There are so many things that would not be the same but if using the acquisition of Spectrum Metals by Ramelius as a very rough guide my calcs are that RMS paid $585/oz of resource for Spectrum's Penny West. MGV's market cap currently values its gold resource at $836/oz.

Will watch


----------



## Sean K (15 June 2021)

finicky said:


> There are so many things that would not be the same but if using the acquisition of Spectrum Metals by Ramelius as a very rough guide my calcs are that RMS paid $585/oz of resource for Spectrum's Penny West. MGV's market cap currently values its gold resource at $836/oz.




What did RMS actually pay for Spectrum?

I'm not sure how this added up to a price per ounce.

_Spectrum Metals Limited in exchange for 1 Ramelius Share for every 10 of Your Spectrum Shares plus $0.017 cash for each of Your Spectrum Shares_


----------



## finicky (15 June 2021)

My calc used 0.15 per SPX share paid in RMS shares plus cash. Then I multiplied by 1,386,000,000 SPX shares to get $208m. Didn't bother with options/perf shares as only want a basic figure. Then divided by $208m by 355,000 ozs of gold resource (Penny West).


----------



## Sean K (15 June 2021)

finicky said:


> My calc used 0.15 per SPX share paid in RMS shares plus cash. Then I multiplied by 1,386,000,000 SPX shares to get $208m. Didn't bother with options/perf shares as only want a basic figure. Then divided by $208m by 355,000 ozs of gold resource (Penny West).




I suppose they could have paid unders for Penny West and might pay overs for BoD I guess. 

Do they have capacity to add tonnage to the nearest mill, or would BoD just extend availability? 

Westgold has a mill just as close, might be a good bolt on for them too. 

They have stated their strategic aim includes M&A.

Will be interesting to see who makes a play.


----------



## finicky (15 June 2021)

kennas said:


> I suppose they could have paid unders for Penny West and might pay overs for BoD I guess.



Yes, I can't really make a meaningful guess. As said, my crude comparison doesn't try to take into account the other assets or prospects each comparable (SPX and MGV) have. So RMS might see extensions to the BoD trend as valuable potential or the splayed off newly identified 7kms "gold corridor". Then the jv with EVN.
RMS seems the most likely suitor but I have no perception as to whether they need more time to digest what they have already acquired - it all needs capital and attention to develop.

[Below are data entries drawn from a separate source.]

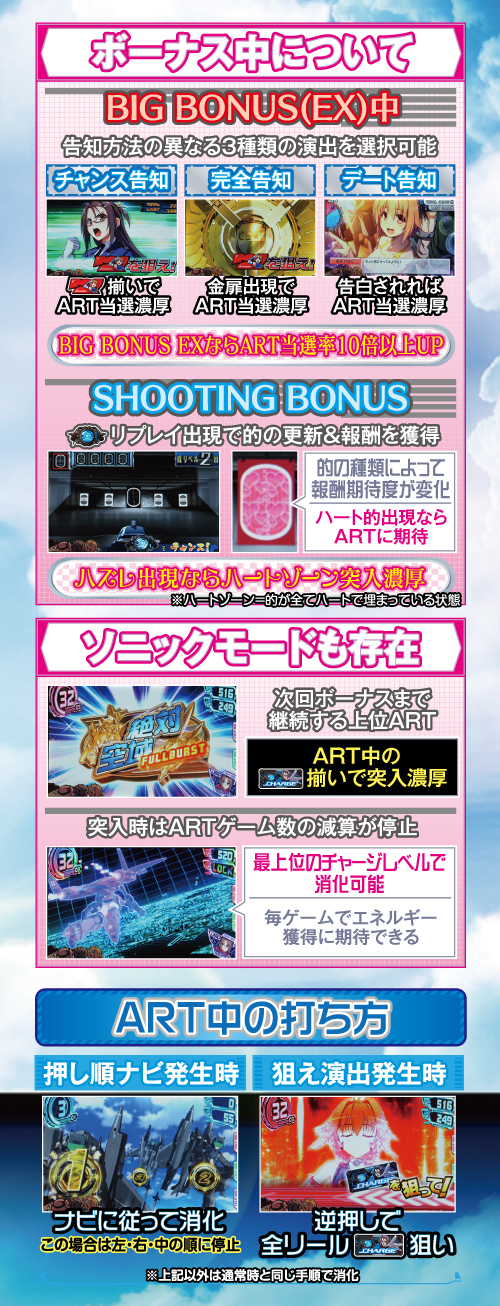 ボーナスは、赤7揃いの「BIG BONUS EX(200枚)」と異色7揃いの「BIG BONUS(200枚)」と赤7・赤7・BAR揃いの「SHOOTING BONUS/殲滅ボーナス(約50枚)」の3種類。
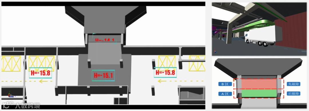 本项目在施工过程中发现环隧入口位置存在高差问题,根据现场施工情况,BIM团队对会议中存在争议的两种方案进行了三维模型的方案模拟,通过对比直观地反映了两种方案的优劣势,不仅解决了实际的施工问题,还节省了多次沟通方案的时间。
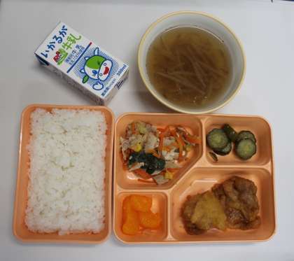 6月1日(金) 給食の献立は、油淋鶏豚肉と野菜の炒めもの、きゅうりの中華あえ、みかん缶詰、もやしの中華スープ、米飯、牛乳でした。
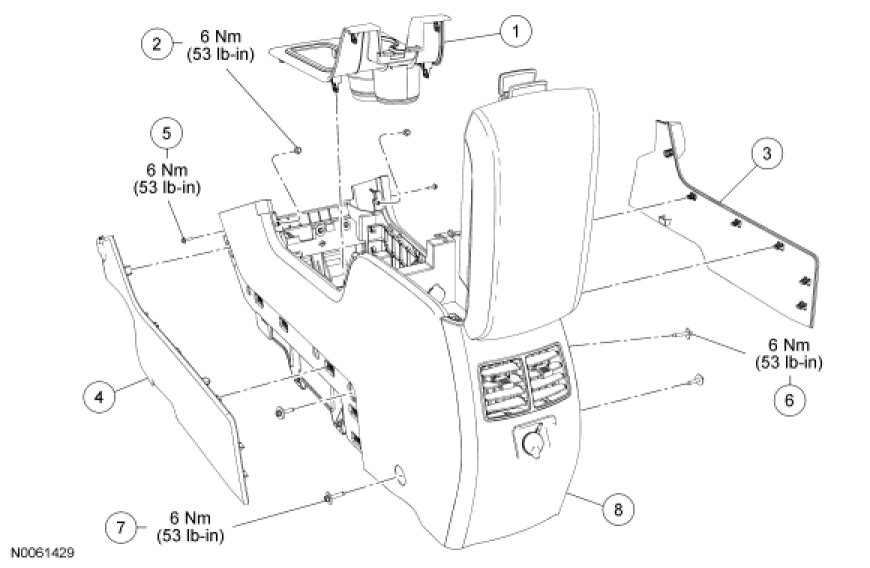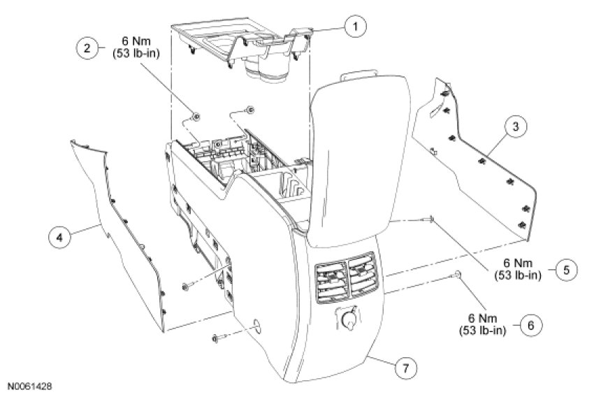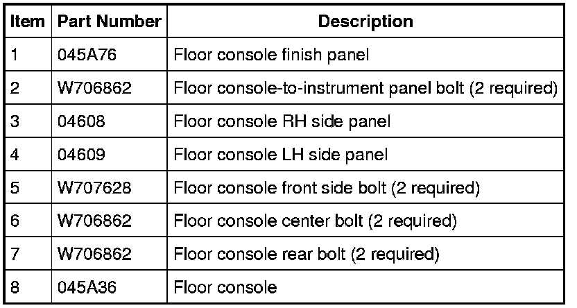 Position the seats rearward and remove the 2 floor console side panels and 2 floor console center bolts.

The MGV chart is so tempting.


----------



## finicky (15 June 2021)

Wonder if this (below) is significant - a mining engineer appointed to the board recently (Feb 2021) who has experience at Mt Magnet and its Checkers mill that now belongs to RMS 30 kms down the road. Made me more iffy about whether MGV is serous about the scenario of mining the resource itself. I still don't think so for the current resource size they have and with a geo as M.D but then they describe the identification of the aforesaid new 7kms "gold corridor" as "changing the paradigm".

*Brett Lambert*
BAppSc (Mining Engineering) (Non-Executive Director)

Mr Lambert is a *mining engineer* and experienced company director who *joined* the Company as a Non-executive Director in *February 2021.* He has over 35 years’ involvement in the Australian and international resources industry encompassing mining operations, project development, business development and corporate administration.

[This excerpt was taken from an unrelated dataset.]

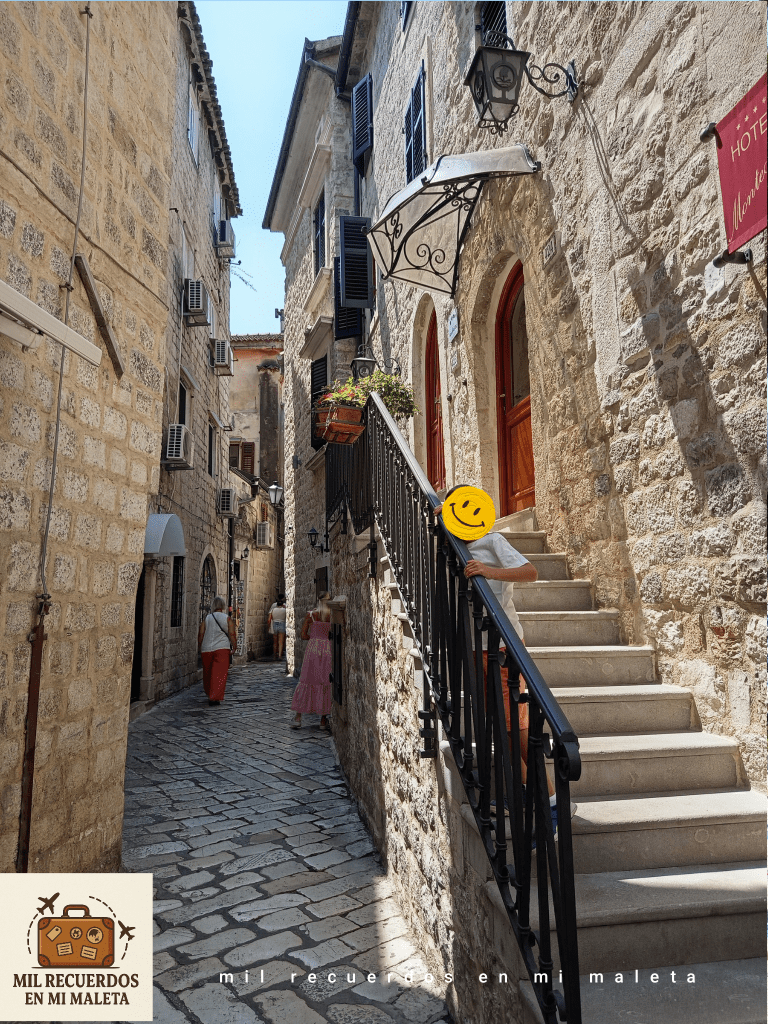 Entre sus calles empedradas descubrimos rincones con fachadas antiguas llenas de detalles, ventanas con contraventanas de madera, balcones floridos y carteles en forma de pergamino que nos recordaban mucho a los que habíamos visto en Dubrovnik. El ambiente medieval se respiraba en cada esquina, acompañado, cómo no, por la presencia de los gatos de Kotor, que parecen ser los verdaderos dueños de la ciudad. Nos sorprendió ver que incluso tienen comederos repartidos por las plazas y calles para cuidarlos.

Mr Lambert is a graduate of the *Western Australian School of Mines* and commenced his professional career with Western Mining Corporation in 1983. He was a member of the senior management team at WMC’s *Mt Magnet gold *operations that initiated the transition to large scale open pit mining and construction of the current *Checker processing plant*.

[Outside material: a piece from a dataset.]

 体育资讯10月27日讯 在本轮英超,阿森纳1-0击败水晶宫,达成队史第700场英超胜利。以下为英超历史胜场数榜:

Post WMC, Mr Lambert held executive roles with a number of junior and mid-tier resource companies where his responsibilities included *overseeing several greenfields resource projects through feasibility study, development and commissioning.*


----------



## finicky (15 June 2021)

Oh well took the bait, in for 10,000 shares @ 0.405
Didn't include the *Lena* deposit in the calc: that's another 325kozs Au @ 2.3g/t
So much for my research prowess.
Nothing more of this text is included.